Communication-Efficient Sparsely-Activated Model Training via Sequence Migration and Token Condensation

Mixture-of-Experts (MoE) is an emerging technique for scaling large models with sparse activation. MoE models are typically trained in a distributed manner with an expert parallelism scheme, where experts in each MoE layer are distributed across multiple GPUs. However, the default expert parallelism suffers from the heavy network burden due to the all-to-all intermediate data exchange among GPUs before and after the expert run. Some existing works have proposed to reduce intermediate data exchanges by transferring experts to reduce the network loads, however, which would decrease parallelism level of expert execution and make computation inefficient. The weaknesses of existing works motivate us to explore whether it is possible to reduce inter-GPU traffic while maintaining a high degree of expert parallelism.

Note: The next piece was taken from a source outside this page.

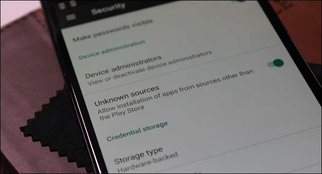 Pokud jste v předchozích verzích systému Android chtěli nainstalovat aplikaci, která nebyla nalezena v Obchodu Play - akt zvaný „sideloading“ —Muselo vás přeskočit do nabídky Nastavení> Zabezpečení a povolit funkci nazvanou „Neznámé zdroje“. To v podstatě řeklo telefonu, aby ignoroval bezpečnostní protokoly nastavené pro aplikace mimo oficiální kanály a pokračoval a umožnil jejich instalaci.

This paper gives a positive response by presenting Luffy, a communication-efficient distributed MoE training system with two new techniques. First, Luffy migrates sequences among GPUs to hide heavy token pulling paths within GPUs and avoid copying experts over GPUs. Second, we propose token condensation that identifies similar tokens and then eliminates redundant transmissions. We implement Luffy based on PyTorch and evaluate its performance on a testbed of 16 V100 GPUs. Luffy system can achieve a speedup of up to 2.73x compared to state-of-the-art MoE training systems.